Демонстрация кончилась. Ворошилов дал обед на своей квартире для высших военачальников – участников парада. Присутствовал и товарищ Сталин. Произносились тосты. Товарищ Сталин тоже поднял бокал. Он коротко обрисовал внутреннее положение в стране, упомянул о массовом вредительстве и шпионаже на всех участках, в том числе и в армии.

– Враги будут разоблачены, – сказал Сталин, – партия их сотрет в порошок… Я поднимаю этот бокал за тех, кто, оставаясь верным народу и партии, достойно займет свое место за нашим славным столом в Октябрьскую годовщину.

Тост товарища Сталина был выслушан в полном молчании. Не каждый был уверен, что через полгода будет сидеть за этим столом.

После первомайских праздников Сталин лично занялся делом военных. Перелистал листки своего большого настольного календаря. Месяц. За месяц все надо сделать. К 1 июня все должно быть закончено. Теперь Ежов ежедневно привозил ему протоколы допросов, Сталин их проверял, Ежов возвращался в тюрьму, заключенные подписывали исправленные протоколы, Ежов приезжал к Сталину вторично.

Комкор Примаков девять месяцев не давал показаний. 8 мая его одели в военную форму без знаков различия и без орденов, вернули очки, привезли в Кремль и ввели в кабинет Сталина. Там уже сидели Молотов, Ворошилов и Ежов.

У Сталина на столе лежали письма, посланные ему Примаковым из тюрьмы.

Сталин показал на них:

– Я прочитал ваши письма. Вы утверждаете, что в 1928 году честно порвали с троцкистской оппозицией и больше с троцкистами связи не имели.

– Да, это так, – ответил Примаков.

– Даже здесь, на Политбюро, вы продолжаете обманывать партию, – сказал Сталин. – Мы располагаем неопровержимыми данными о вашей связи с троцкистами Дрейцером, Шмидтом, Путной и другими.
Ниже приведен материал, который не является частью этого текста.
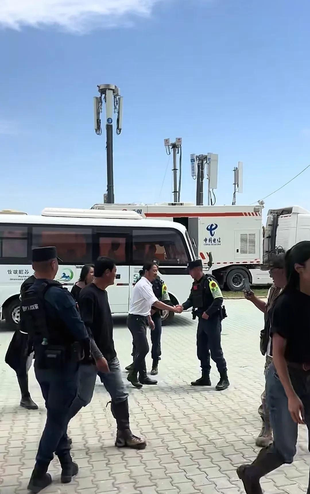 日前举行的天马文化节就跟吴京的主场一样。 看他走到门口就伸手跟执勤的警察握手,每个人握一遍后再合影。 警察想合影吗?我觉得想吧,本来好多人就喜欢吴京,要是再练武就对他更有滤镜。 但执勤就是工作,不能主动跟人握手,以及合影,但如果是群众们想合影就不同。

У партии также есть неопровержимые данные о заговоре в армии, заговоре против товарища Ворошилова. Вы обсуждали вопрос о замене Ворошилова Якиром, мы это тоже знаем.
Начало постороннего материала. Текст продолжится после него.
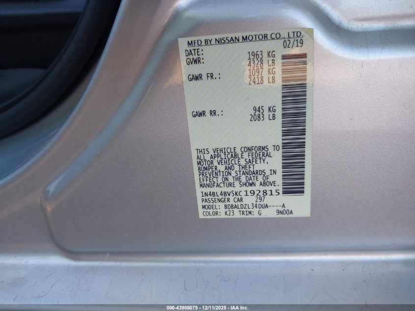 2019 NISSAN ALTIMA 2019 року Бензин, 2.5, Передній привід, vin - 1N4BL4BV5KC192815 з США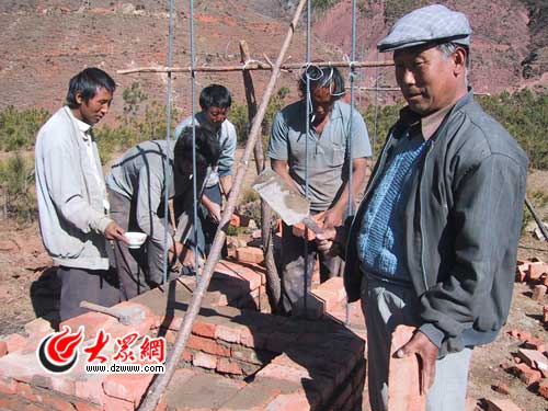 馬洪升憑記憶畫出天香塔的圖樣,指揮本村的村民義務修建天香塔。所有的建筑材料都靠人拉馬駝運上山,吃飯就是在山上用樹枝燒點米飯?粗鴿u具芻形的天香塔,老馬說他比上班還充實。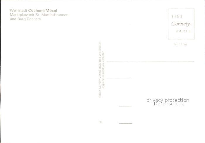 72051968 Cochem Mosel Marktplatz mit St. Martinsbrunnen und Burg Cochem postalisch nicht gelaufen Erhaltung siehe scans KatCode: 11110007135020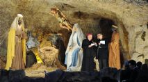Vor der Christmette am späten Abend segnete Papst Benedikt XVI. am Samstag die Krippe. Er zündete am Fenster seines Arbeitszimmers im Apostolischen Palast über dem Petersplatz ein Licht als Symbol des Friedens an. Die anwesenden Pilger und Gläubigen mussten während der einstündigen Krippen-Zeremonie bei kühl-feuchtem Wetter ausharren.

Он повернулся к остальным членам Политбюро:

– Примаков – трус, запираться в таком деле – это трусость. Мы ошиблись: Примаков не заслужил того, чтобы с ним вступало в переговоры руководство партии. Он не понимает партийного языка, что ж, пусть с ним разговаривают следователи на своем языке. Уведите его.

Примакова увели, посадили в машину и через солнечную, нарядную, многолюдную Москву повезли в тюрьму, водворили в камеру, отобрали очки, велели снять форму и надеть прежнее вонючее тряпье.
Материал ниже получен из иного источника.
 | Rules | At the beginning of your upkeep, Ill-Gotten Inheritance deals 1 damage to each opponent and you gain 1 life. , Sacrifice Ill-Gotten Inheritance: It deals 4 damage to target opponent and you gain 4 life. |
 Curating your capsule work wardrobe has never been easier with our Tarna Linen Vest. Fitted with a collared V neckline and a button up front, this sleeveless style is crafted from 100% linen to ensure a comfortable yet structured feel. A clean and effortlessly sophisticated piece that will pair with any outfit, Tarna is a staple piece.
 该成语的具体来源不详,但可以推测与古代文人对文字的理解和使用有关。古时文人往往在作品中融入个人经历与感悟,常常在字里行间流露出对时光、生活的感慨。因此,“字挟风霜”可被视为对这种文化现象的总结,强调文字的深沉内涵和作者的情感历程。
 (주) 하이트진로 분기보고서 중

– Оставьте мне очки, – сказал Примаков, – дайте бумагу и чернила, я хочу написать заявление товарищу Ежову.

Примакову оставили очки, принесли бумагу, чернила и ручку.

Примаков написал Ежову:

«В течение 9 месяцев я запирался перед следствием по делу о троцкистской контрреволюционной организации. В этом запирательстве дошел до такой наглости, что даже на Политбюро перед товарищем Сталиным продолжал запираться и всячески уменьшать свою вину. Товарищ Сталин прямо сказал, что Примаков – трус, запираться в таком деле – это трусость. Действительно, с моей стороны это была трусость и ложный стыд за обман. Настоящим заявляю, что, вернувшись из Японии в 1930 году, я связался с Дрейцером и Шмидтом, а через Дрейцера и Путну – с Мрачковским и начал троцкистскую работу, о которой дам следствию полные показания».

Он отдал заявление, опустил койку и лег. Все! Сегодня его бить не будут.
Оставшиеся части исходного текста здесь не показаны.